The legend of Hermaphroditos
Aphrodite, the Greek goddess of love and beauty, was usually considered female, but, on the island of Kypros (Cyprus), she was worshipped in a male form under the masculine name Aphroditos. In Greek art, Aphroditos is typically portrayed as an androgynous figure; he wears a kind of dress that the Greeks traditionally regarded as feminine, but yet he is lifting up the dress to show everyone his erect penis. In some depictions, he is also shown with a beard to further emphasize his male aspect.
ABOVE: Photograph from Wikimedia Commons of an ancient Greek marble herma of Aphroditos, the male form of the goddess Aphrodite, now held in the Nationalmuseum in Stockholm
Aphroditos was sometimes known by the name “Hermaphroditos,” which means “Aphroditos in the form of a herma,” since hermai were a kind of statue that was commonly used in ancient Greece to mark boundaries. Eventually, however, Hermaphroditos became seen not as a form of Aphrodite, but rather the son of Aphrodite and the god Hermes.
The cult of Aphroditos was apparently introduced to Athens by at least around the late fourth century BCE. The Greek historian Philochoros of Athens (lived c. 340 – c. 261 BCE) wrote a work titled Atthis, in which he apparently described, among many other things, the cult of Aphroditos in Athens at this time. A fragment of the work that has been preserved through quotation by the Roman antiquarian Macrobius Ambrosius Theodosius, who lived in around the early fifth century CE, in his Saturnalia 3.8.2 records that men made sacrifices to Aphroditos wearing women’s clothing and women made sacrifices to him wearing men’s clothing.
In Book Four of his Metamorphoses, Ovid tells a story about Hermaphroditos. According to Ovid, Hermaphroditos was raised by naiads in the caves underneath Mount Ida in Phrygia, but, when he turned fifteen, he left Mount Ida to visit Asia Minor. In the middle of the woods in the land of Karia, he found a beautiful pond filled with the clearest water and was tempted to take a bath in it.

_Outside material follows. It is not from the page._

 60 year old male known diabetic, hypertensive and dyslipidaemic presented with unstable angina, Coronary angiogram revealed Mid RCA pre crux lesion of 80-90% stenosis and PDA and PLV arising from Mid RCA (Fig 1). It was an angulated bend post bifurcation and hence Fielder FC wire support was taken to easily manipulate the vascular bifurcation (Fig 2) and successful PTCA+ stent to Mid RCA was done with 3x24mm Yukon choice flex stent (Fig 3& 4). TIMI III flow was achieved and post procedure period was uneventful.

There was, however, a nymph named Salmacis who lived near the pond. She saw him and was instantly overcome with mad lust for him. She went to him and attempted to seduce him, but he spurned her advances, so she pretended to leave. Thinking that she was really gone, Hermaphroditos stripped himself naked and went into the pool to bathe. Then Salmacis sprang out from where she was hiding behind a tree and tried to take him by force, wrapping herself around him, kissing him, and pressing her skin against his.

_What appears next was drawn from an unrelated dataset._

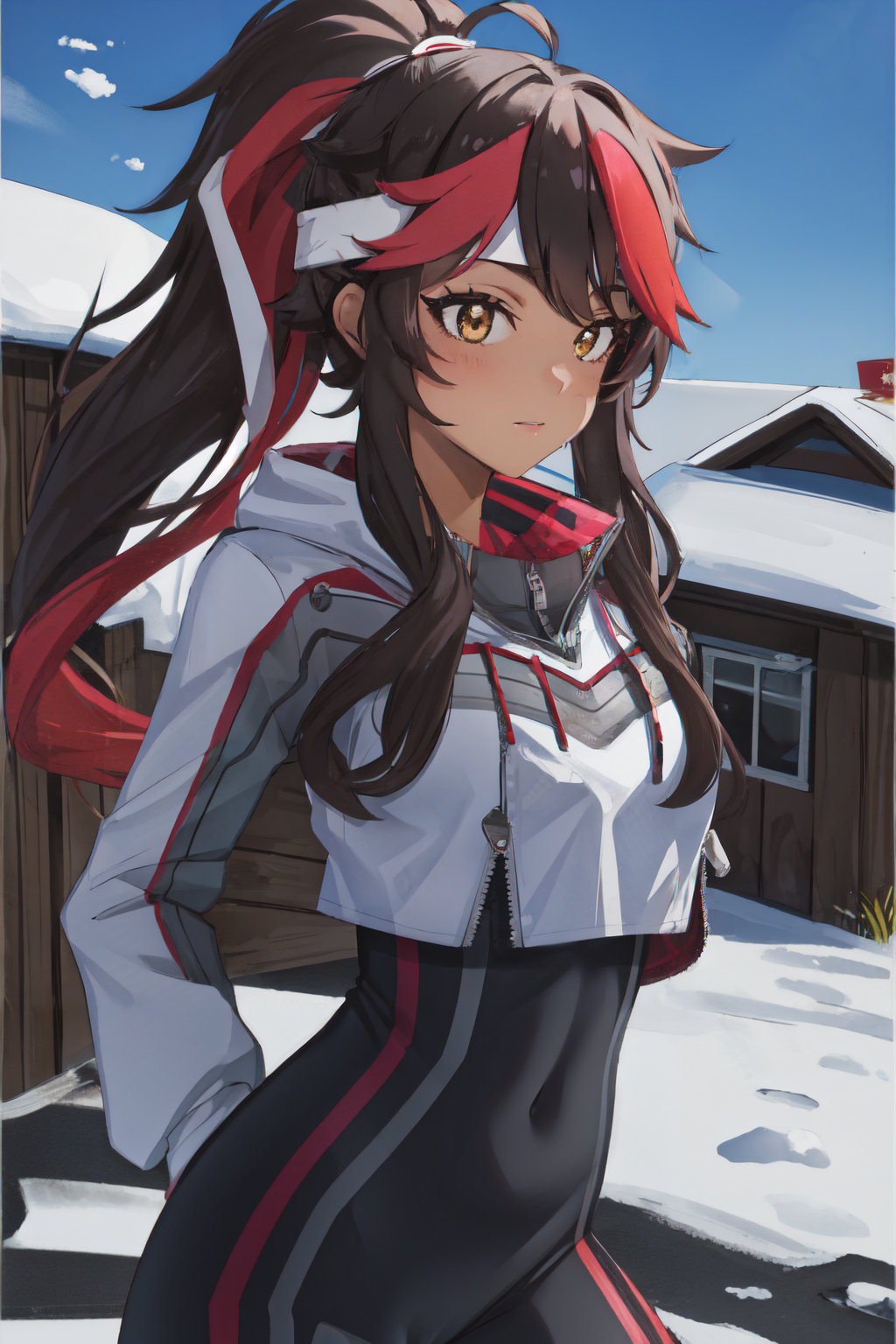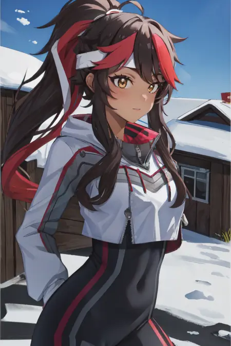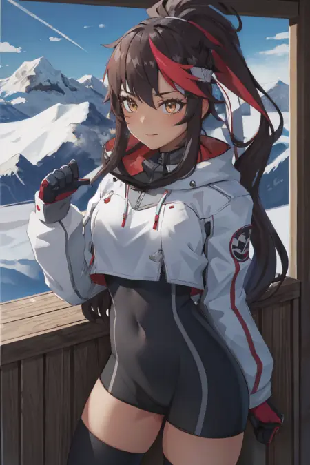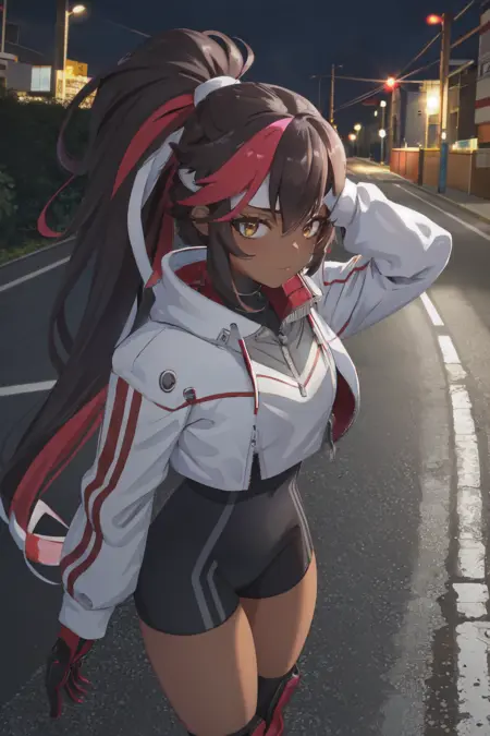 긍정적: 마스터피스, 최고 품질, 1녀, lora:juliette-08:0.8, 줄리엣, 펜더테일, 자르인 재킷, 블랙 브래지어, 아래 가슴
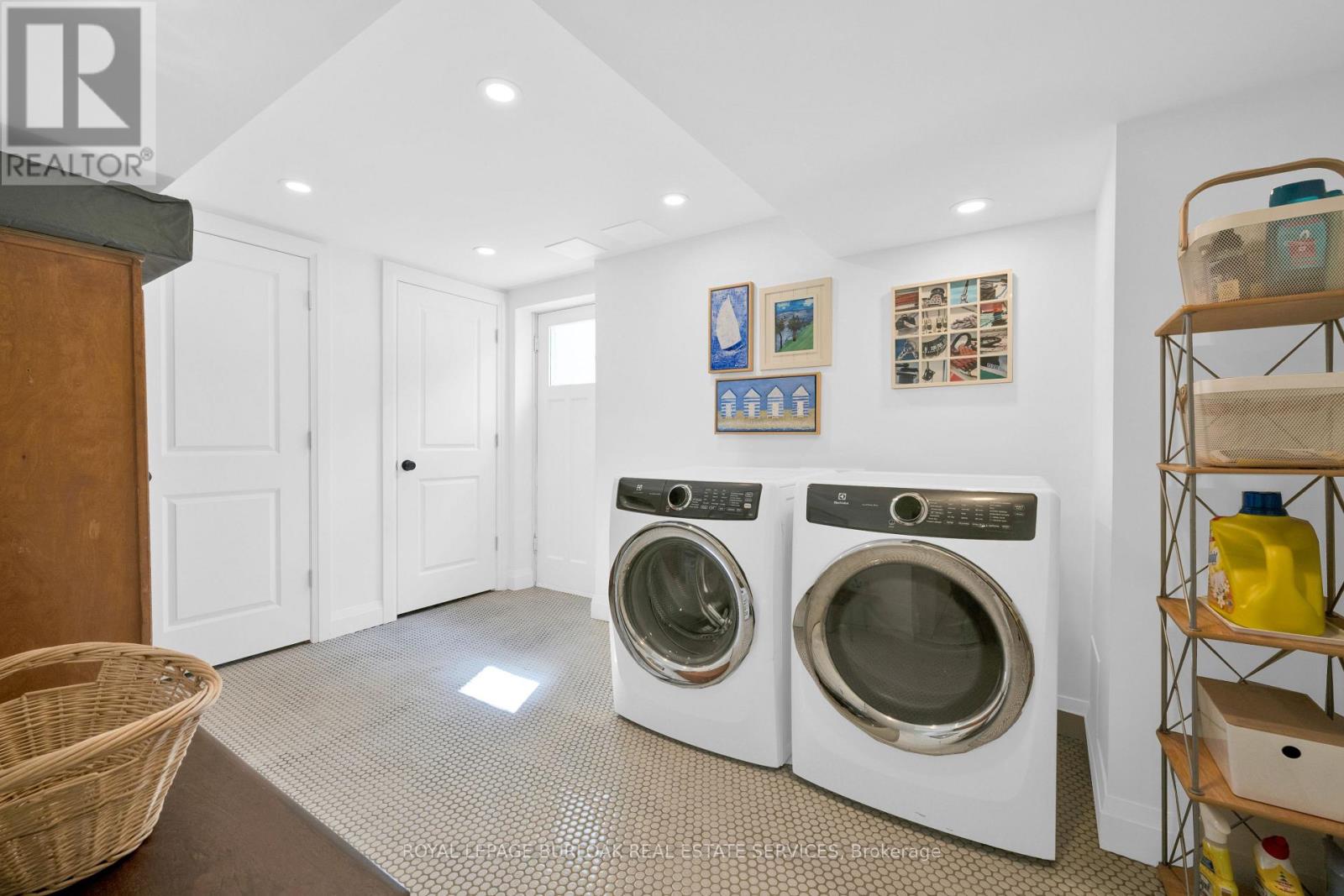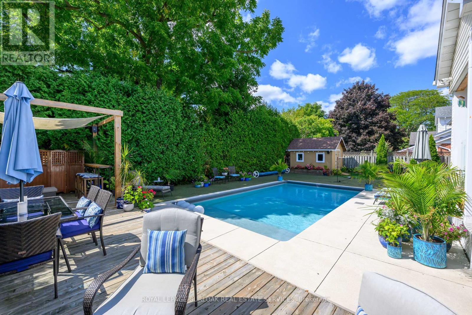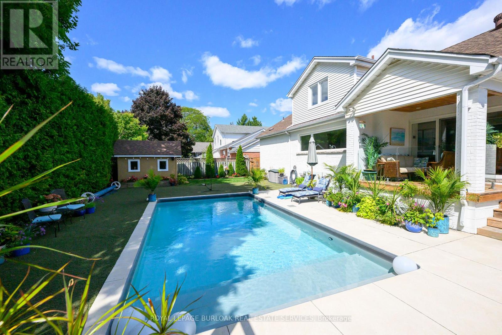 Enjoy Paradise at home w/family & friends in this entertainer's backyard featuring a gorgeous heated saltwater inground pool. This beautiful 5 bedrm (2 on main flr), 3 full bathrm home w/finished basement on an 80ft wide lot, has 3500sqft of exceptional finished living space & has been renovated top to bottom in '23. The main level includes a lrg kitchen w/endless cupboard space, 10ft island w/breakfast bar, quartz CTs, SS appl., & lrg picture window overlooking the yard & pool, spacious living rm w/bay window & gas FP, dining area w/sliding doors to the covered deck w/frameless glass railing leading to the private & beautiful yard w/ a heated 14x26ft inground saltwater pool built in '21, lots of decking & seating space, mature trees, & gas bbq hookup. The main floor is completed w/2 bedrms (can also be a primary bedrm, office or den if prefer), & a 4pce bathrm w/glass panel shower. Tthe upper level includes a very lrg primary bedrm w/dble closets & private 420sqft rooftop sundeck, 2 other spacious bedrms, laundry, & a 4pce bathrm w/tub & shower. The lower level includes a lrg rec rm, spacious media rm/library, 3pce bath w/glass enclosed shower, 2nd laundry rm, workshop, storage rm, & a separate entrance. This home also has qlty wideplank hardwood floors on all 3 levels, qlty light fixtures, tonnes of pot lights, CVAC, fresh paint T/O in '24, interlocking stone dble driveway w/parking for 6, plus a dble garage, lrg front porch & sitting area, & low maintenance gardens. Located in prestigious South Aldershot on a quiet, tree-lined street, this family-friendly neighbourhood is beautiful, & close to amazing amenities including the lake, LaSalle Park & Marina, other parks, qlty schools, highways, the GO, RBG, golf, rec centre, hospital, shops, dining, & more. The basement also has potential for rental income or an inlaw suite w/the separate entrance, separate laundry, full bathrm, & lots of living space. Don't hesitate & miss out! Welcome Home! (id:64974)

Hermaphroditos tried to fight back, but Salmacis prayed to the deities that she and him would become one flesh. Her prayer was granted and their bodies blended into one. Hermaphroditos was horrified to discover that he had the body and voice of a woman, but the penis and testicles of a man. Therefore, he prayed to his mother Aphrodite and his father Hermes to curse any man who tried to swim in the pool he had tried to bathe in and to make him effeminate like him.
This myth has had particularly great cultural influence; there are a large number of surviving ancient statues of Aphroditos/Hermaphroditos—some of which are very famous—and the word hermaphrodite was widely used until very recently to refer to the people we now describe as “intersex.”